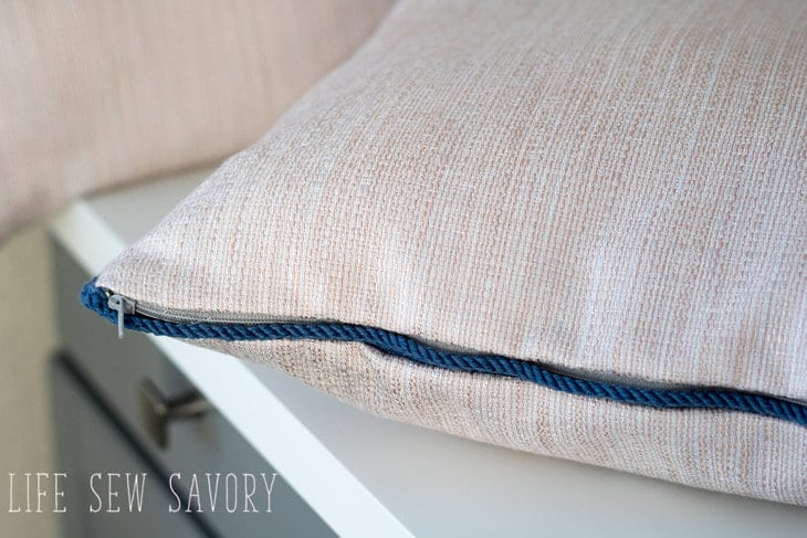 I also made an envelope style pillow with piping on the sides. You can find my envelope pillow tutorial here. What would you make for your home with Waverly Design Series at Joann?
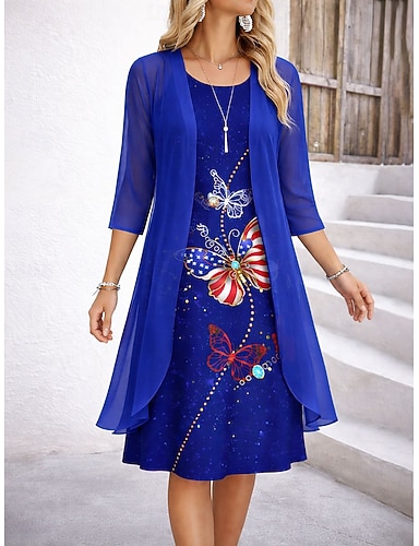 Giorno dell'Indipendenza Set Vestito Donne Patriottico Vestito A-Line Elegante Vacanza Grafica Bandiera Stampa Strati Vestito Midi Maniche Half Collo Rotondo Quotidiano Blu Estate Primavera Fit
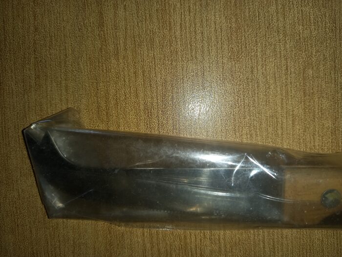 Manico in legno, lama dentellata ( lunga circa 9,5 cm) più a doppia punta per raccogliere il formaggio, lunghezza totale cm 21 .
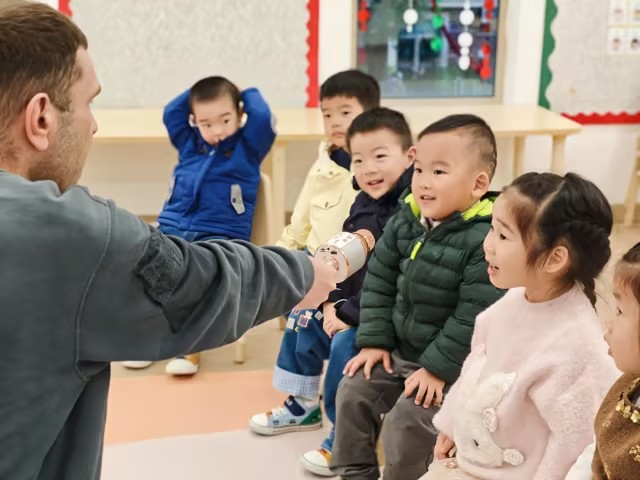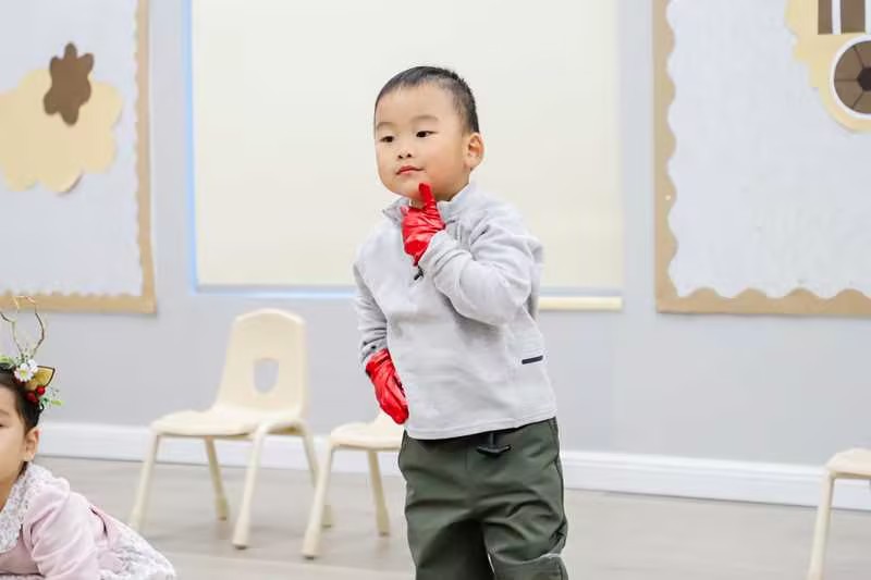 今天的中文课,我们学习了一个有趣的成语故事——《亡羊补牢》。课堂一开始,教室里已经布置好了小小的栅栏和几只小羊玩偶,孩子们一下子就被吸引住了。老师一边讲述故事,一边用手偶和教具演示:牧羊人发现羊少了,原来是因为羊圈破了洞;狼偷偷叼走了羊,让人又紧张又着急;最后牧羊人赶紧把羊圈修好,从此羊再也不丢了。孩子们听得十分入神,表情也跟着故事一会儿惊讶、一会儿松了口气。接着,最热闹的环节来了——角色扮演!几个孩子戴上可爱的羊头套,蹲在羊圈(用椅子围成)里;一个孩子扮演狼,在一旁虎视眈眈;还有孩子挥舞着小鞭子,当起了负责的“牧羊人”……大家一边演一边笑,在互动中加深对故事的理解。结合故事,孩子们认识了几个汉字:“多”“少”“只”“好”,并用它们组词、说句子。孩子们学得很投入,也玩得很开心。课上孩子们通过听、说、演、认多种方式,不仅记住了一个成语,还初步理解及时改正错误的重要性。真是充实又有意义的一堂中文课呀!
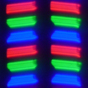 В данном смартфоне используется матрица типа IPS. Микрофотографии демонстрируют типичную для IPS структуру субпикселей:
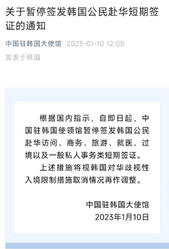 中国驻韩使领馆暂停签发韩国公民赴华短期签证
------------------------------------------------------------
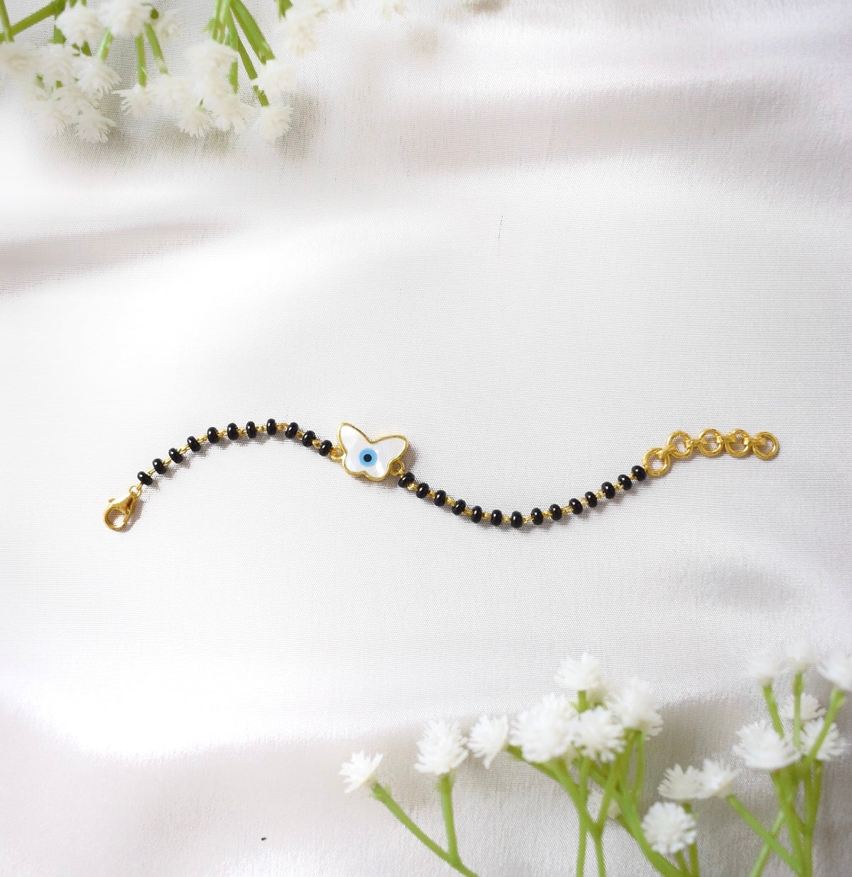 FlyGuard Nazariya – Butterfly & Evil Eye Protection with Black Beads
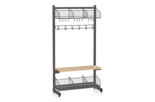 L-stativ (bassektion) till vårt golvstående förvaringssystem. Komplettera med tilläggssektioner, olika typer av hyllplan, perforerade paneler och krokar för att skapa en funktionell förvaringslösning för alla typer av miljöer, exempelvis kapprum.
------------------------------------------------------------
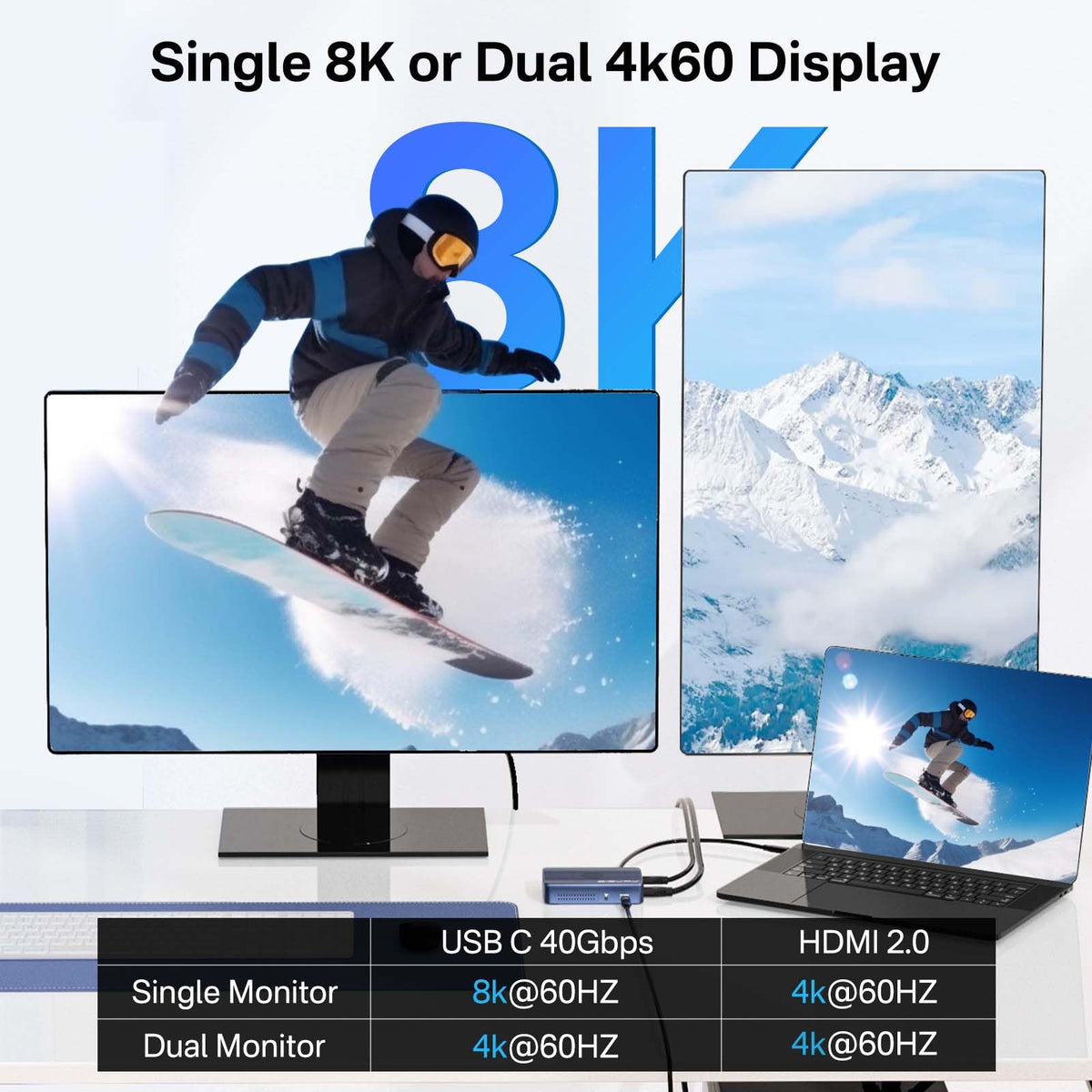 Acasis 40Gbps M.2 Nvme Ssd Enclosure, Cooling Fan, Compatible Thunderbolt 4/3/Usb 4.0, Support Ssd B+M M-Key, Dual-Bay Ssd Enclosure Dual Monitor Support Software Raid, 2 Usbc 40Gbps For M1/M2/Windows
------------------------------------------------------------
§ WORK TASK: When you reach the line with "今天的中文课,我们学习了一个" in the records above, begin repeating the lines exactly, and stop after the line with "中国驻韩使领馆暂停签发韩国公民赴华短期签证". Skip all pictures.

§ REPLY TO THE TASK:
 今天的中文课,我们学习了一个有趣的成语故事——《亡羊补牢》。课堂一开始,教室里已经布置好了小小的栅栏和几只小羊玩偶,孩子们一下子就被吸引住了。老师一边讲述故事,一边用手偶和教具演示:牧羊人发现羊少了,原来是因为羊圈破了洞;狼偷偷叼走了羊,让人又紧张又着急;最后牧羊人赶紧把羊圈修好,从此羊再也不丢了。孩子们听得十分入神,表情也跟着故事一会儿惊讶、一会儿松了口气。接着,最热闹的环节来了——角色扮演!几个孩子戴上可爱的羊头套,蹲在羊圈(用椅子围成)里;一个孩子扮演狼,在一旁虎视眈眈;还有孩子挥舞着小鞭子,当起了负责的“牧羊人”……大家一边演一边笑,在互动中加深对故事的理解。结合故事,孩子们认识了几个汉字:“多”“少”“只”“好”,并用它们组词、说句子。孩子们学得很投入,也玩得很开心。课上孩子们通过听、说、演、认多种方式,不仅记住了一个成语,还初步理解及时改正错误的重要性。真是充实又有意义的一堂中文课呀!
 В данном смартфоне используется матрица типа IPS. Микрофотографии демонстрируют типичную для IPS структуру субпикселей:
 中国驻韩使领馆暂停签发韩国公民赴华短期签证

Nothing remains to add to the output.